Task instructions: From the listing below, restate word for word the lines from the line containing "Beautiful Mexican movie" down through the line containing "and sculptural geometry". Exclude pictures.
--- Dataset Enclosed Below ---
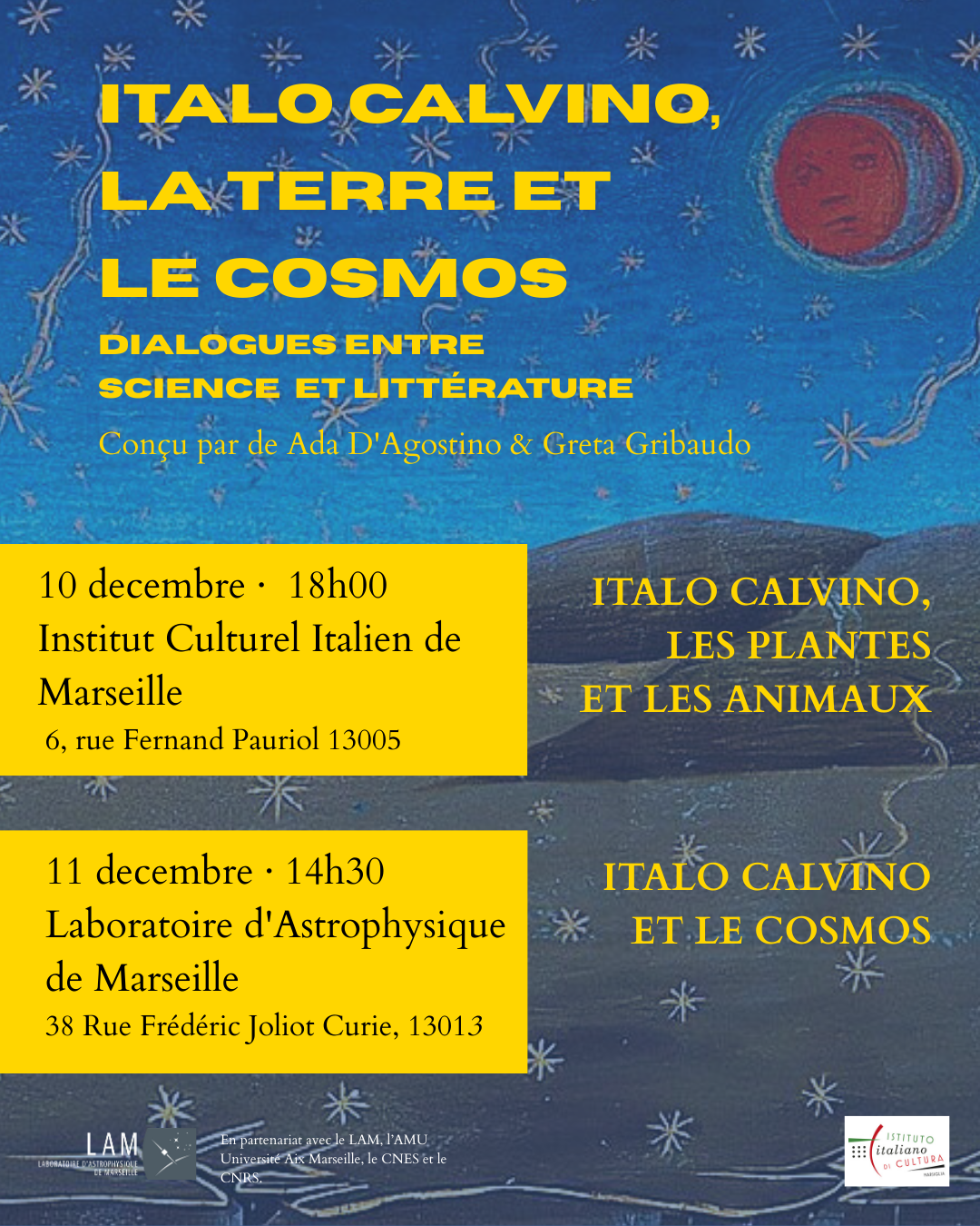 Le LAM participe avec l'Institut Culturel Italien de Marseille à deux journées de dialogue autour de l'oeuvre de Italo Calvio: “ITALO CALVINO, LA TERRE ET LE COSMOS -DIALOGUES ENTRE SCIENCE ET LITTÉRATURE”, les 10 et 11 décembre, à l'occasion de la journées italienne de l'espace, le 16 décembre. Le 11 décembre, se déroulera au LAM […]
--- End of Enclosed Dataset ---
--- Dataset Enclosed Below ---
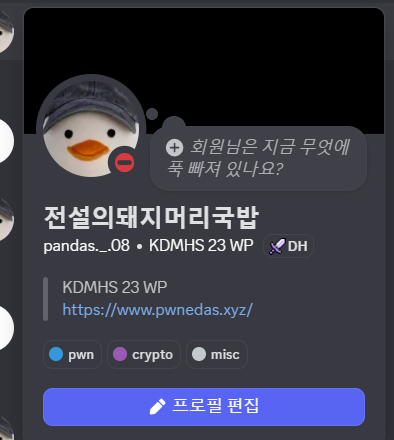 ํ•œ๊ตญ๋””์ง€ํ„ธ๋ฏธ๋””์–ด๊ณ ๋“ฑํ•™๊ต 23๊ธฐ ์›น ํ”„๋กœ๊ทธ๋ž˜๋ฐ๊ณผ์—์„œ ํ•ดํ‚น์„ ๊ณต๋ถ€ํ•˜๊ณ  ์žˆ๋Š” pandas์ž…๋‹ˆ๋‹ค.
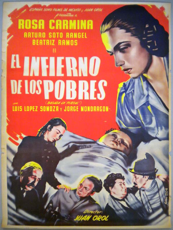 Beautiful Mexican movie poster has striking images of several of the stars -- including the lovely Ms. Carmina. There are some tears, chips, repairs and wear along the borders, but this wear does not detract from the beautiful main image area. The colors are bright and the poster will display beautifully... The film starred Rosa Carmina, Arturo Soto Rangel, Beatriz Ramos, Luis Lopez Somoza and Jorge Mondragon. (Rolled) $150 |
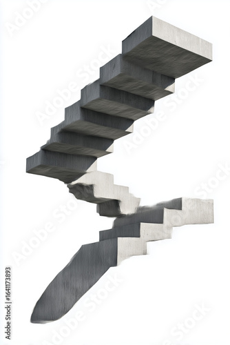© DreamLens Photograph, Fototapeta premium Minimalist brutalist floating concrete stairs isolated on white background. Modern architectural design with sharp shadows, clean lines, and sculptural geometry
--- End of Enclosed Dataset ---
Task answer:
 Beautiful Mexican movie poster has striking images of several of the stars -- including the lovely Ms. Carmina. There are some tears, chips, repairs and wear along the borders, but this wear does not detract from the beautiful main image area. The colors are bright and the poster will display beautifully... The film starred Rosa Carmina, Arturo Soto Rangel, Beatriz Ramos, Luis Lopez Somoza and Jorge Mondragon. (Rolled) $150 |
© DreamLens Photograph, Fototapeta premium Minimalist brutalist floating concrete stairs isolated on white background. Modern architectural design with sharp shadows, clean lines, and sculptural geometry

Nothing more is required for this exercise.